Rewarding children (by continuing in ‘servitude’ and expecting no reciprocity or reasonable contribution) teaches children they need do nothing to earn their parents’ approval. In response, the children become emotionally withholding, unmotivated to learn, sulky, unfriendly, entitled and often unskilled. More concerning, over time, these children can easily become highly-aggressive and even violent towards their parents.
Very significantly, despite their ‘entitled’ presentation, the children raised in this ‘libertarian’ approach often fail miserably in the ‘real’ world. This is because, doing well in the outside world primarily depends upon having the motivation to learn skills, including the skill of coming forward to talk and be friendly and enthusiastic in order to establish meaningful relationships – not withholding and sulking. Without these skills these children become confused and have many negative experiences in the world, often leaving them demoralised and ‘acting out’.
I’ve noticed in my work, that the cycle that keeps this behaviour cycle going is that libertarian parents teach themselves (by chasing) that they ‘need’ their children’s approval, and they feel ‘guilty’ and ‘bad’ when that approval is withheld – like they’re not being good parents.

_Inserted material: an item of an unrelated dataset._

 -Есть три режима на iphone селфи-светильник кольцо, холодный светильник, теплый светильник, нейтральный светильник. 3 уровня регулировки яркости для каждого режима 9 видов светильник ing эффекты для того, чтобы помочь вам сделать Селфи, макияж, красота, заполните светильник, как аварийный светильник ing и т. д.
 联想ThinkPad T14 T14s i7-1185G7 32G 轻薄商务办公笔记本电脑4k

To alleviate their ‘guilt’ they keep on chasing over and over and they ‘gratefully’ consume even the smallest morsel of approval, frugally dealt-out by the children who have (by now) thoroughly ‘learnt’ how to keep their parents on the back foot.

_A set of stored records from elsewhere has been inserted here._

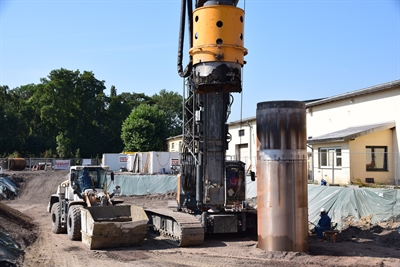 Anfang Juli wurde das Großlochbohrgerät angeliefert und aufgebaut. Inzwischen haben die Bohrungen auf dem Areal begonnen. Das Gerät bohrt in der Baugrube bis in eine Tiefe von vier bis sieben Metern den kontaminierten Boden aus. Der Bohrdurchmesser beträgt zwei Meter, insgesamt werden leicht überschnitten rund 300 Bohrungen durchgeführt.
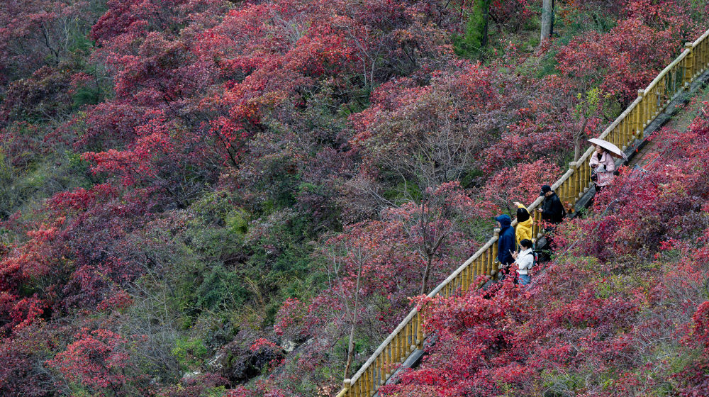 驱车行至巫山县巫峡长江大桥,眺望峡口的文峰景区,只见成团成簇的红叶,扎根在如刀削斧砍般的峭壁上,迎风挺立,从江面一直“披挂”到峰顶。来自天南海北的游客,被这大美景象吸引,不惧山路险峻,攀行在红叶掩映的步道上,时而驻足留影,时而惊叹连连。
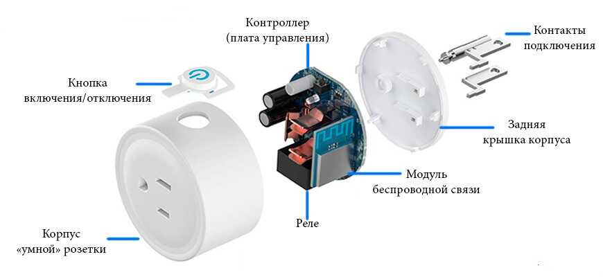 Конструктивно прибор состоит из исполнительного механического модуля (электромагнитного реле), подключающего и отключающего электрические цепи, и управляющего им процессора. К умной розетке может подключаться любой домашний прибор с паспортной мощностью до 3,5 кВт. С учетом этого ограничения пользователь выбирает изделие с подходящим для него функционалом.
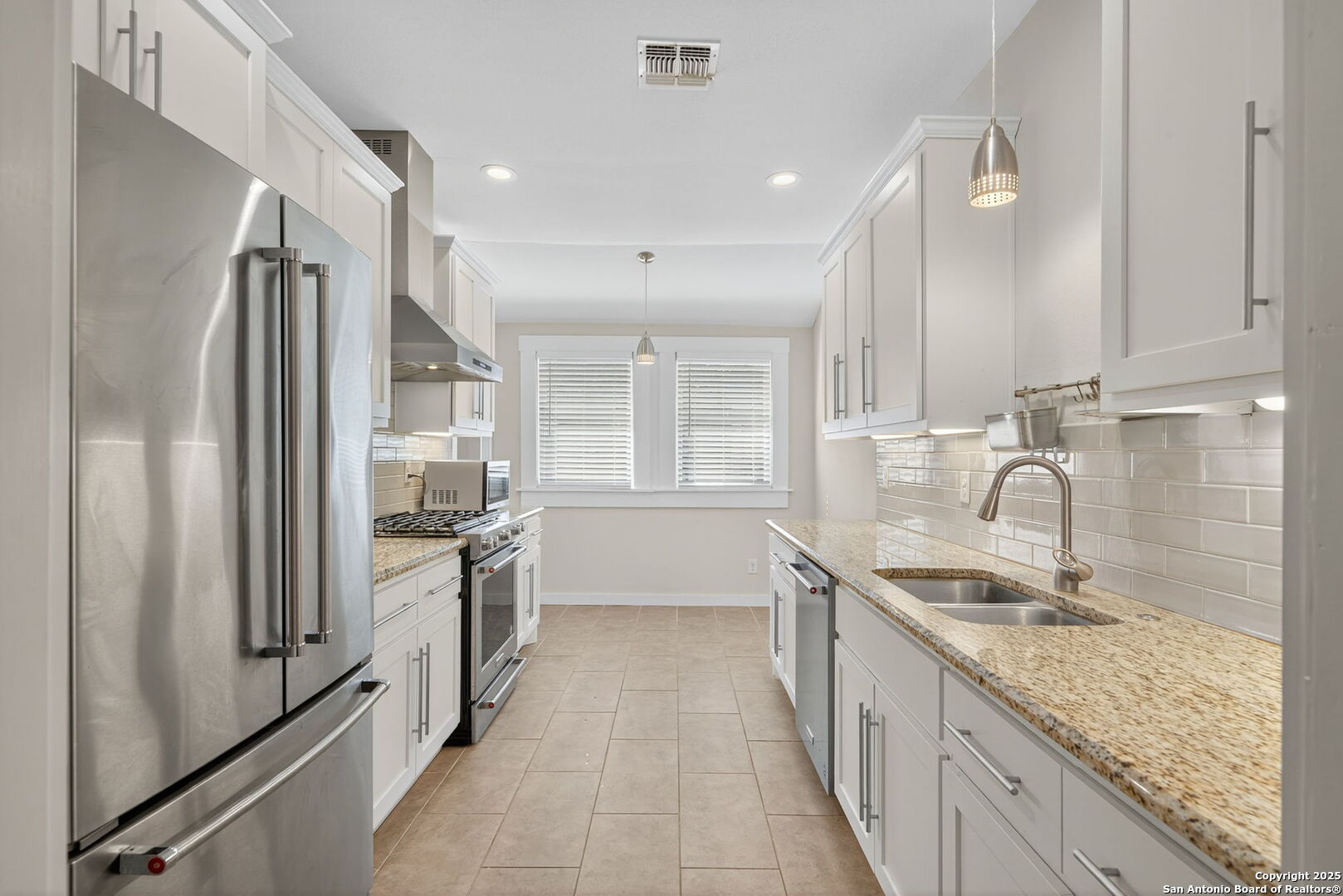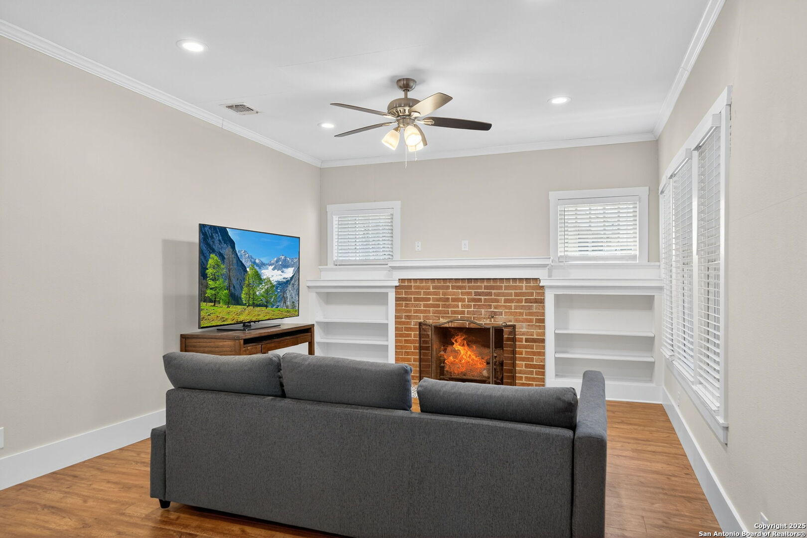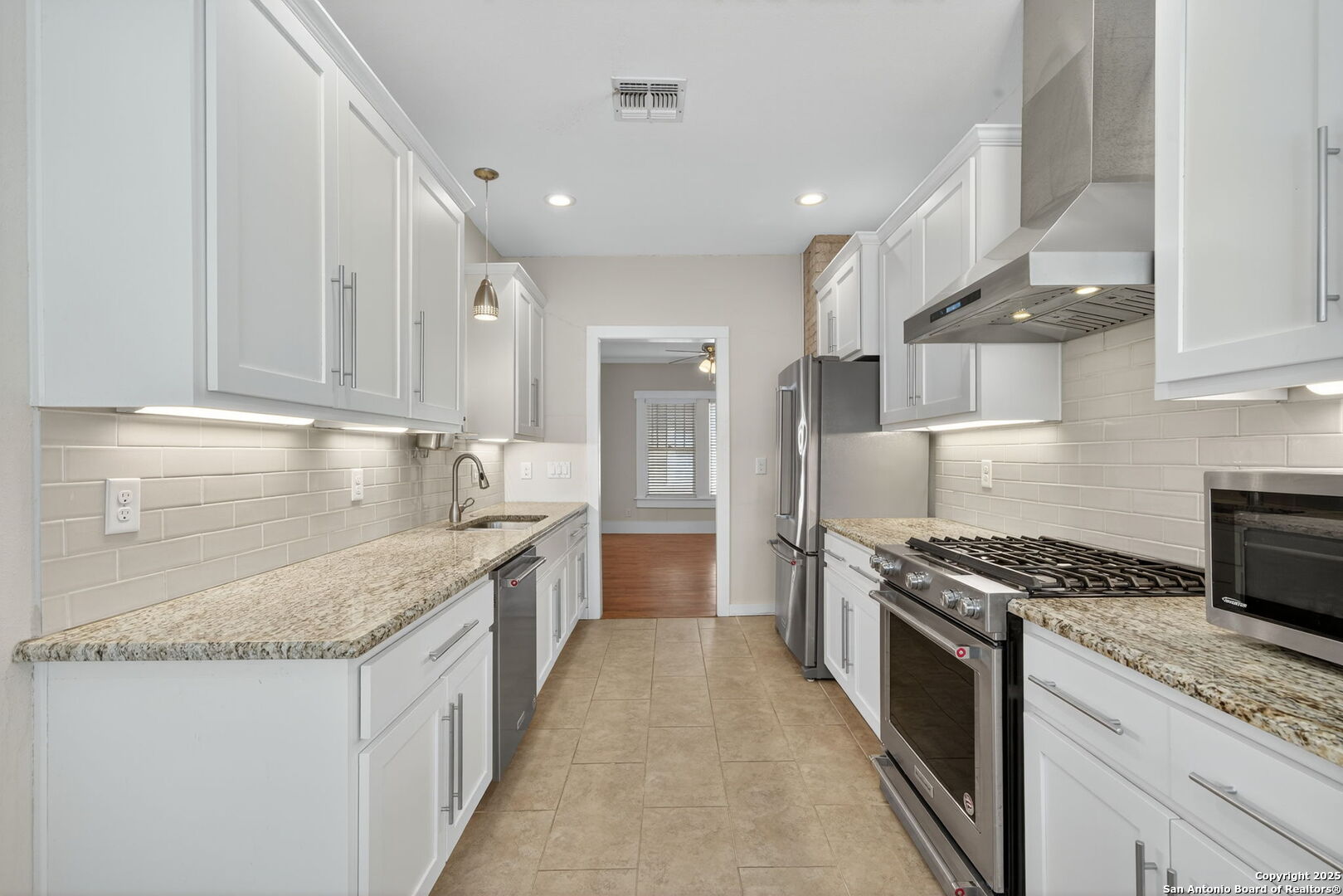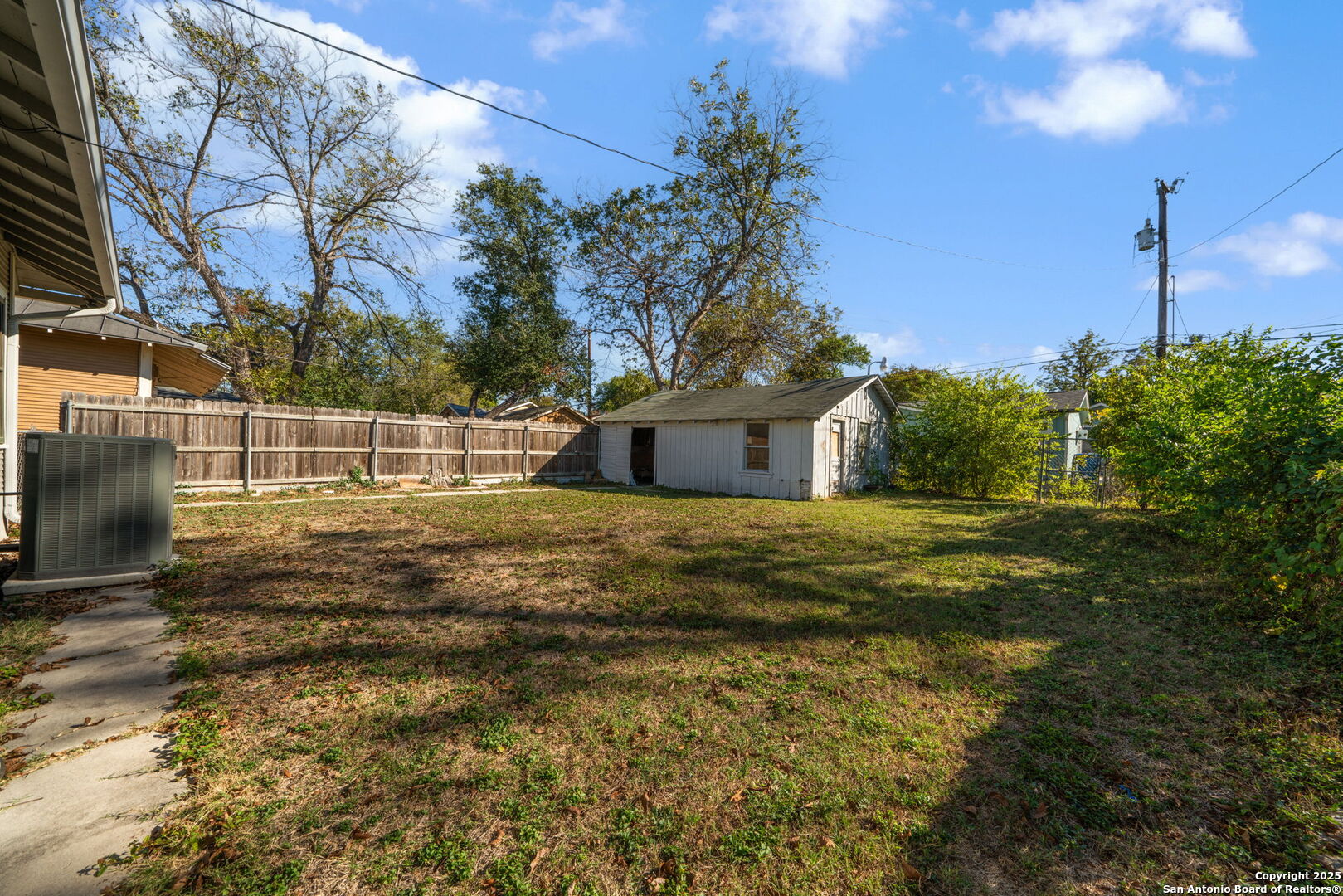 Love where you live in this beautifully updated 2-bedroom, 1-bath home featuring stunning hardwood floors and elegant finishes throughout. The gourmet kitchen offers stainless steel appliances, a gas range, and granite countertops-perfect for any home chef. Enjoy the convenience of a full laundry room complete with washer, dryer, and sink. Recess lighting and ceiling fans in each bedroom add warmth and character to every room. The spacious backyard provides mature shade trees and a storage shed, ideal for outdoor living. Located just minutes from downtown nightlife, shopping, dining, museums, and The San Antonio Zoo-this home truly combines comfort, charm, and convenience.

But, despite behaving like doormats most of the time, ‘libertarian’ parents on occasion, become furious at how much running around they are doing for no appreciation or reciprocity from their children – and they often become poisonously resentful, passively aggressive or unpredictably angry or vengeful. Note that both ‘doormat’ and ‘angry’ behaviour keeps the cycle going (because parents feel ‘guilty’ after angry outbursts making them twice as likely to chase again).

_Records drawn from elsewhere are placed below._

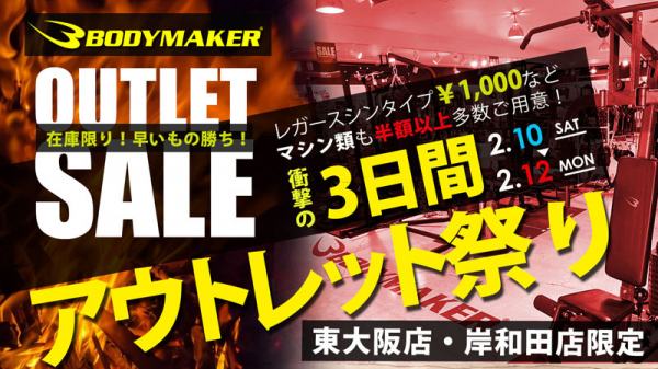 BODYMAKER BMアスリートショップ東大阪店・岸和田カンカンベイサイドモール店では、2月10日(土)-12日(月・祝)3日間限定で、トレーニングマシンアウトレットセールを開催します。ジムでもお使い頂けるレベルのマシンも半額以上の割引価格に!トレーニー必見!是非この機会にご来店下さい。完売次第終了です。
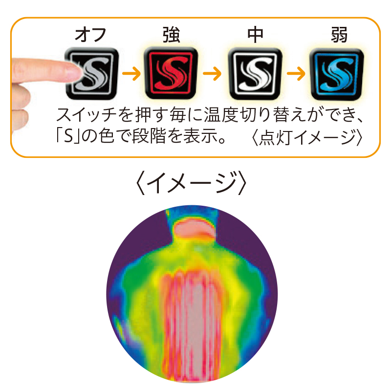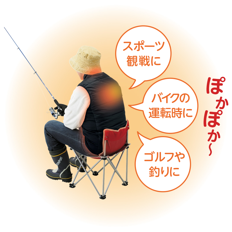 背中と首元に内蔵のヒーターがじんわりと温めます。
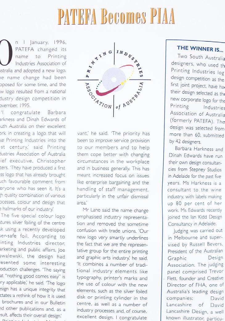 With Pakprint came plenty of talk about emerging digital technologies and prepress debate. PATEFA became the Printing Industries Association of Australia (PIAA) with South Australian designers Barbara Harkness and Dinah Edwards designing the winning logo, which featured five colours with silver foiling in the centre with a similar version of the logo still in use. Then PIAA president Peter Lane said the refresh went beyond symbolism as it would remove any confusion of trade union links. A GASAA conference in Queensland had golf high on the agenda.
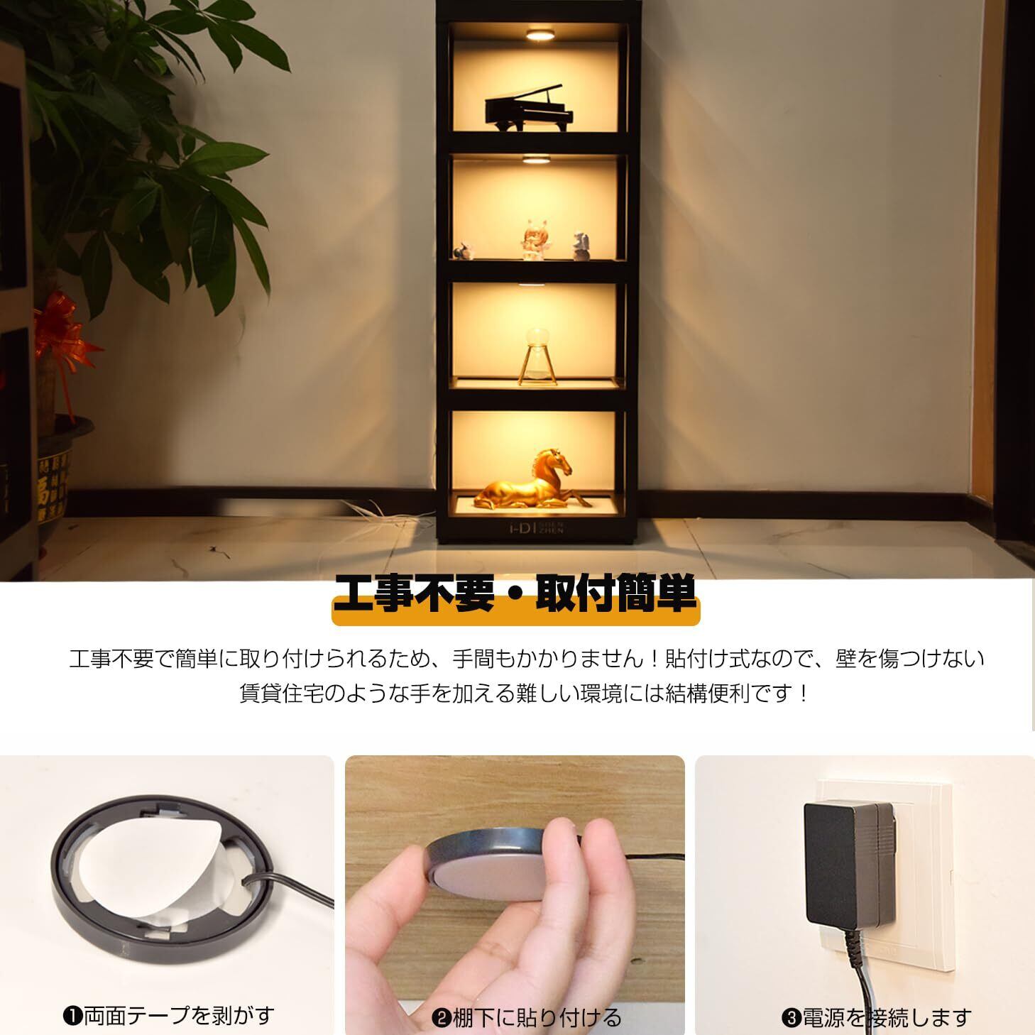 【電気工事不要・取付簡単】LEDライトは強力両面テープ付き、複雑な工事が不要、お好みの場所に直接に貼り付けます。一本の連接ケーブルですべてのLEDライトを簡単に接続できます。壁を傷つけない、賃貸住宅のような手を加える難しい環境には結構便利だ!
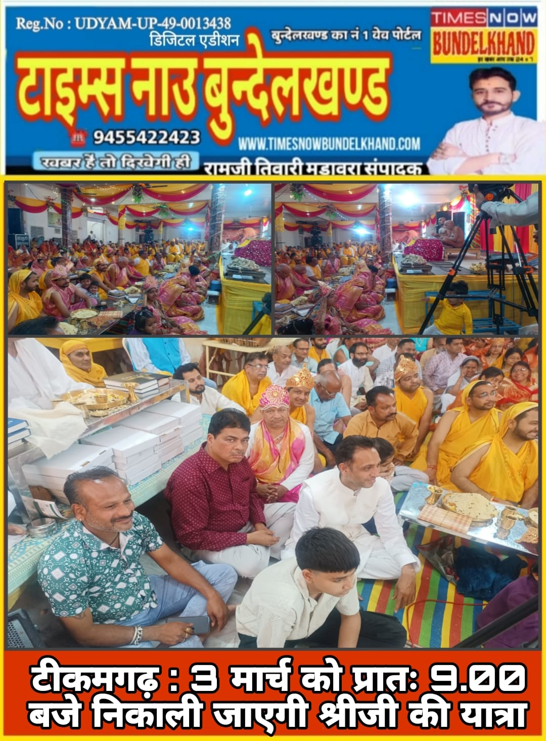 इस विधान के पूर्ण होने पर दिनांक 3 मार्च प्रातः 9.00 बजे से श्रीजी की यात्रा निकाली जाएगी जो नया मंदिर से , कटरा बाजार, जवाहर चौराहा , सिंधी धर्मशाला स्टेट बैंक चौराहा पपौरा चौराहा होती हुई नगर भवन चौराहा नया मंदिर टीकमगढ पर समापन होगा

On the other hand, parents who are more ‘authoritative’ are more likely to build positive and reciprocal relationships with their children.
These ‘authoritative’ parents tend to have transparent and consistent rules that are well thought out and clearly in the long-term interests of the children – rather than ‘guilt-driven’. For example, they rarely allow sugar because it is not in the long-term interests of the child as it will rot their teeth or give them diabetes.
There are clear positive and negative consequences for children either doing well or breaching.
Negative consequences (like time-out or taking away something valued) are consistently applied BUT there is no yelling, drama or meanness involved whatsoever – the consequence is simply ‘applied’ and the children learn.
This approach equips children with important skills like taking responsibility, or making them realise that conflict does not have to result in escalation, or understanding that they need to come forward to learn and that they must contribute to reasonable standards. It also teaches them that their behaviour very definitely influences outcomes – which gives them a sense of agency in the wider world.
In this environment, children learn quickly and respond well, feeling safe and secure within this clear structure.
As a result, the relationships between parents and their children tend to be attached (but not over-involved), loving, positive, affectionate, self-contained (independent and autonomous), yet quite strict.
These parents are clearly ‘in-charge’ and ‘unified’ – issues are sorted out and agreed upon away from the children.
While this parenting style allows some flexibility in rules (depending on context), nearly always the rules apply.
Children then know exactly how to behave to receive parental love and approval (which is very important in motivating them to come forward to contribute), and they stop whining and testing parents out at every opportunity. These children come to love and highly respect their parents who always lead strongly by example, and these parents are able to both ‘like’ and ‘love’ their children.